Friday, January 30th, 2015 | Posted by Violette Malan

duncan past Connor Gormley wrote a post not long ago in which he discussed the seeming sameness of the current state of Fantasy. That the genre which should be most imaginative showed a singular lack of imagination, or flexibility might be a better word, in its choice of settings and characters. The comments give you a pretty good idea of how people agreed or disagreed with his thesis, and the whole post is well worth looking at. I think what it did for a lot of people, however, is remind them of books they’ve read that aren’t cloyed down with the sameness of things.

In my case, I was reminded specifically of Dave Duncan’s work. I’ve mentioned his Alchemist Novels in discussing fantasy mysteries, and one day I’d like discuss the brilliant West of January in more detail, but at the moment I want to introduce you to the trilogy The Great Game, made up of Past Imperative, Present Tense, and Future Indefinite.

At first glance it seems we’re being dealt a typical stranger-in-a-strange land trope, but as is so often the case with Duncan, the first glance is all you get for free. I think it’s safe to say that whatever you think Duncan’s up to, it’s very seldom what’s going on.

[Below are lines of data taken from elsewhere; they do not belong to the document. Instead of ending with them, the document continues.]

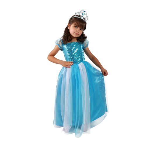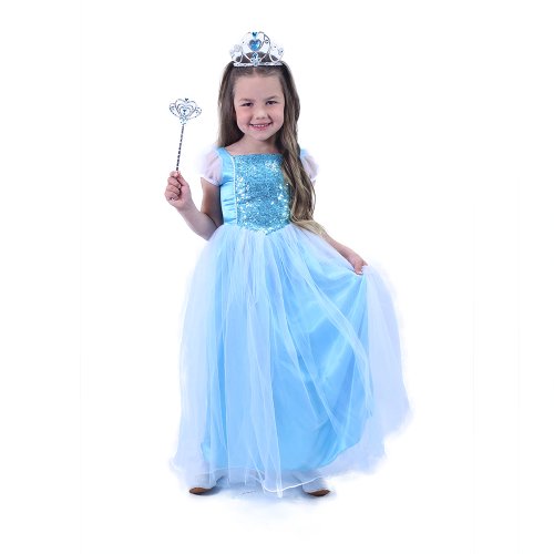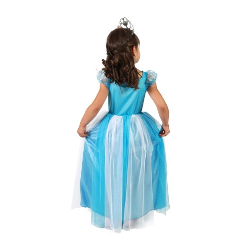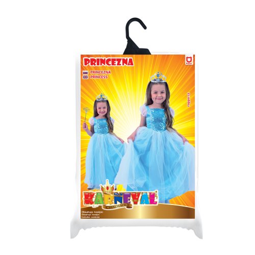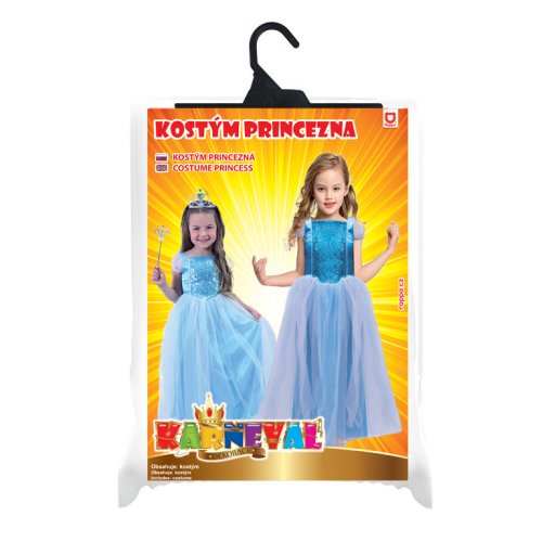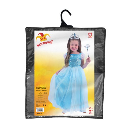 Úchvatný dívčí kostým pro princezny! Kostýmek modré barvy je kombinován s bílým tylem a v horní části dekorován modrými flitry. Kostým princezny ve velikosti M je určen pro holčičky ve věkovém rozmezí 6-8 let (117-128 cm).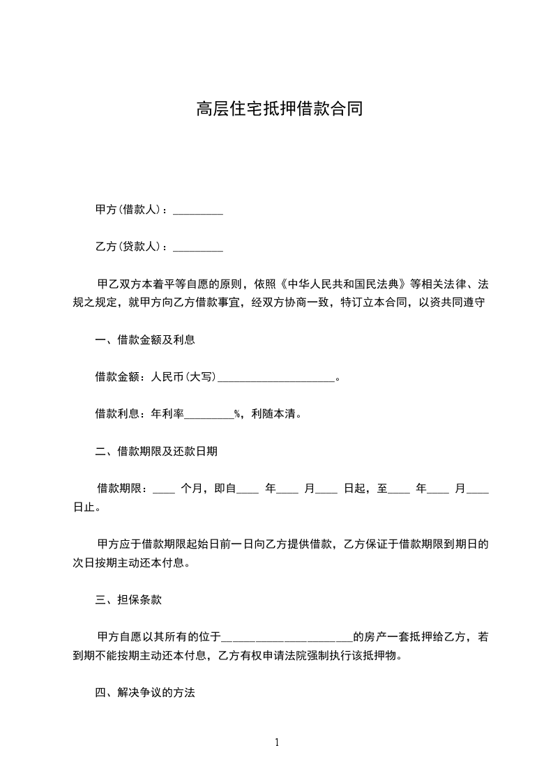 甲方(出借人、抵押权人): 身份证号码: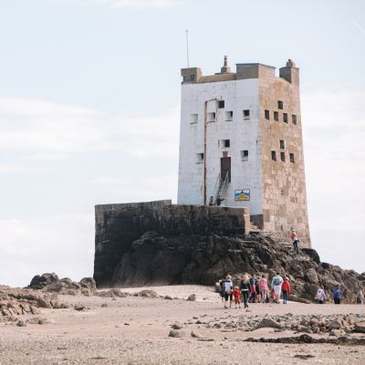Eine Wattwanderung zu diesem historischen Turm, der fast zwei Meilen vor der Küste steht, ist ein einzigartiges Abenteuer. Der Seymour Tower aus dem 18. Jahrhundert steht inmitten eines von der Ramsar-Konvention anerkannten Feuchtgebietes von internationaler Bedeutung – halten Sie auf dem Weg durch diese mondähnliche Wattlandschaft unbedingt Ausschau nach winzigen Porzellankrabben, Anemonen und Kissensternen. Haben Sie immer Ihre Sicherheit im Hinterkopf, wenn Sie die Gezeitenlandschaften von Jersey erkunden. Es ist ratsam, sich nur mit einem erfahrenen Guide auf den Weg zu machen.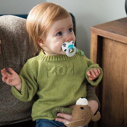 Worked from the bottom up in pieces, this roomy pullover features a shoulder button placket in the smaller sizes for ease of dressing baby.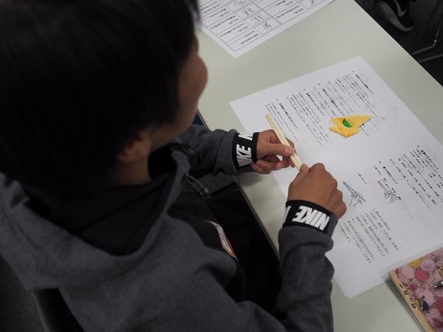 1年生と2年生は一緒にお箸の使い方を学びました。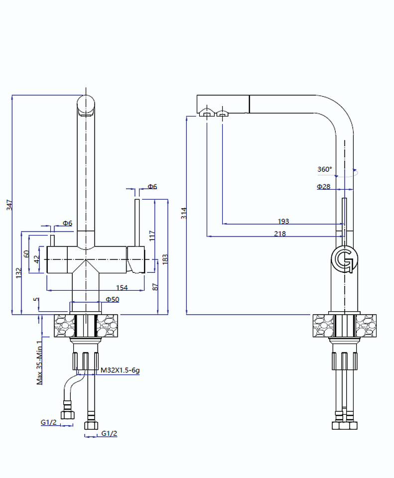 Высота излива, см 31.4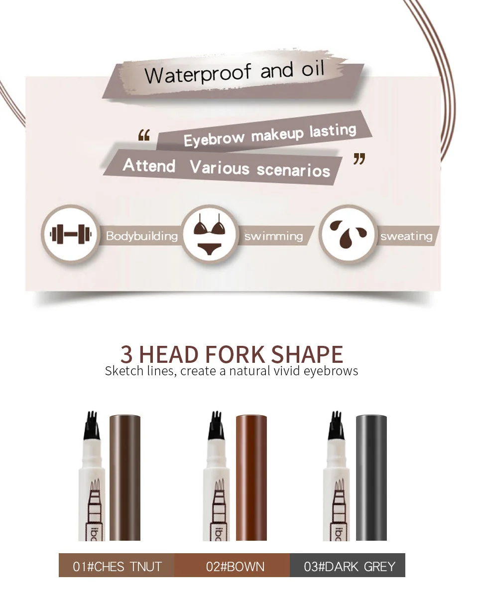 feature 1: fine sketch, 3 head fork tip, liquid eyebrow tattoo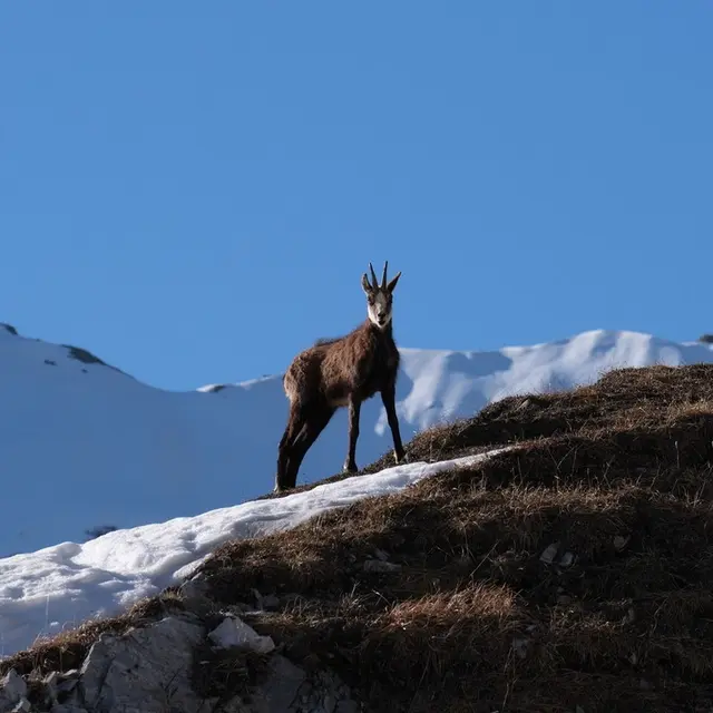 Alors bienvenue dans notre jardin secret, entre forêt de mélèzes et alpages ! Nous ne sommes pas les seuls à apprécier ce secteur et, armés de nos jumelles, nous aurons peut-être la chance d’apercevoir les chamois qui cherchent leur nourriture dans des pentes raides, plus haut, sur les crêtes.

Part Imperative begin with two apparently unconnected storylines, or rather, we assume they are connected – not being entirely new to this game ourselves – but we aren’t shown how until much farther into the narrative than we’d expect. An epigraph does give us a broad hint, but honestly, it’s very easy to overlook. I have a theory that fewer than half of all readers actually read epigraphs, even the ones at the beginning of chapters, but that’s neither here nor there – which, come to think of it, pretty much describes the position of Duncan’s characters.